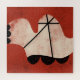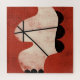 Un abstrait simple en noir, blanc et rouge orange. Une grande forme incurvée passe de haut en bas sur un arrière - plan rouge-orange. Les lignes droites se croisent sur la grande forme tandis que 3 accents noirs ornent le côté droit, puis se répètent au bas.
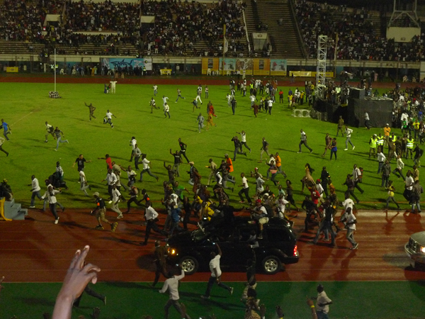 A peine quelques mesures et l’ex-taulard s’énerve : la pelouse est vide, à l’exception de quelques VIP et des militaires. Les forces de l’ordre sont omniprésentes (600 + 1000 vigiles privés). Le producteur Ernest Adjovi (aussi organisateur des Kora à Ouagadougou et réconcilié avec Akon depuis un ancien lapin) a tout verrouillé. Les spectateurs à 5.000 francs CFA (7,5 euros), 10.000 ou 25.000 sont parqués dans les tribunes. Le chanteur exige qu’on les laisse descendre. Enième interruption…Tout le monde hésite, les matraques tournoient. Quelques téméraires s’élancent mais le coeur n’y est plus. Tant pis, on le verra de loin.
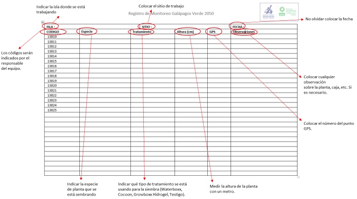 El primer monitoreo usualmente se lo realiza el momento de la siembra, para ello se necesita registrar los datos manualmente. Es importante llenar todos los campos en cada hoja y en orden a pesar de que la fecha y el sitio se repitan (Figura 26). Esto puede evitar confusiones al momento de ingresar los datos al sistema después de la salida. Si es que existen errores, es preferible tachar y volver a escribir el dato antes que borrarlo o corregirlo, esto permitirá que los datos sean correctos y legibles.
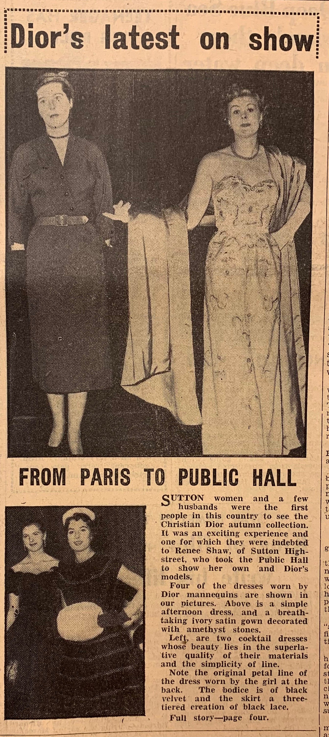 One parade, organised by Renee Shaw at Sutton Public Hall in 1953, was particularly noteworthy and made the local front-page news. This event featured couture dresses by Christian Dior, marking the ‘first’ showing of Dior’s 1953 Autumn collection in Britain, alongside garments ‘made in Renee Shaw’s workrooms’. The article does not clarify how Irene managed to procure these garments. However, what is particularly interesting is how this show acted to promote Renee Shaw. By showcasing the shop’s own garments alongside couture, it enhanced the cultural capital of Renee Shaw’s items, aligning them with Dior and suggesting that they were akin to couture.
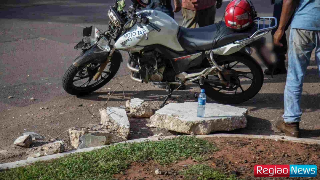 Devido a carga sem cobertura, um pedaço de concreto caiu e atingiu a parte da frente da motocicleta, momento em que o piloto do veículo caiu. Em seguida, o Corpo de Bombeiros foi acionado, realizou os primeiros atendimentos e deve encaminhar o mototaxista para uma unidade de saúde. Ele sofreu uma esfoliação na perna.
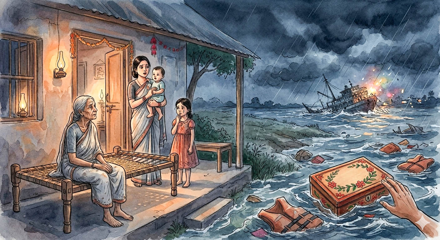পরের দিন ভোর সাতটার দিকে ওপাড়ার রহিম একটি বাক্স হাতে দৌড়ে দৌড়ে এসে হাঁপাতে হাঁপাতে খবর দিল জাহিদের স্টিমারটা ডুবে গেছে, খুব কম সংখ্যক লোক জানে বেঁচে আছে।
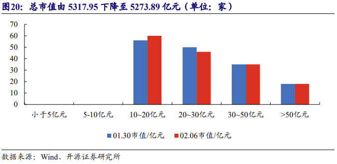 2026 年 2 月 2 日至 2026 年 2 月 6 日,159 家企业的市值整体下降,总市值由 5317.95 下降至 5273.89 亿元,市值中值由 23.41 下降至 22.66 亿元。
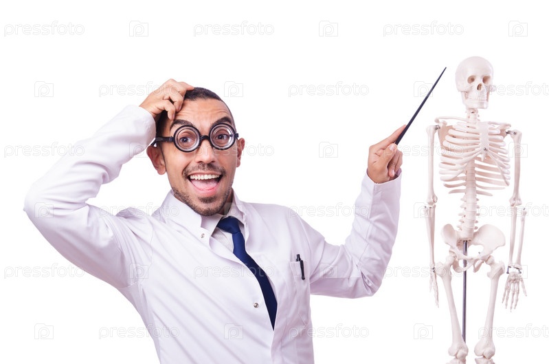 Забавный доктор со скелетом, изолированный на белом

──────

▸ EXERCISE BRIEF: Starting with the first line of the material, print each line exactly until you have printed the line with "El primer monitoreo", and skip the pictures.

▸ EXERCISE RESPONSE:
 Un abstrait simple en noir, blanc et rouge orange. Une grande forme incurvée passe de haut en bas sur un arrière - plan rouge-orange. Les lignes droites se croisent sur la grande forme tandis que 3 accents noirs ornent le côté droit, puis se répètent au bas.
 A peine quelques mesures et l’ex-taulard s’énerve : la pelouse est vide, à l’exception de quelques VIP et des militaires. Les forces de l’ordre sont omniprésentes (600 + 1000 vigiles privés). Le producteur Ernest Adjovi (aussi organisateur des Kora à Ouagadougou et réconcilié avec Akon depuis un ancien lapin) a tout verrouillé. Les spectateurs à 5.000 francs CFA (7,5 euros), 10.000 ou 25.000 sont parqués dans les tribunes. Le chanteur exige qu’on les laisse descendre. Enième interruption…Tout le monde hésite, les matraques tournoient. Quelques téméraires s’élancent mais le coeur n’y est plus. Tant pis, on le verra de loin.
 El primer monitoreo usualmente se lo realiza el momento de la siembra, para ello se necesita registrar los datos manualmente. Es importante llenar todos los campos en cada hoja y en orden a pesar de que la fecha y el sitio se repitan (Figura 26). Esto puede evitar confusiones al momento de ingresar los datos al sistema después de la salida. Si es que existen errores, es preferible tachar y volver a escribir el dato antes que borrarlo o corregirlo, esto permitirá que los datos sean correctos y legibles.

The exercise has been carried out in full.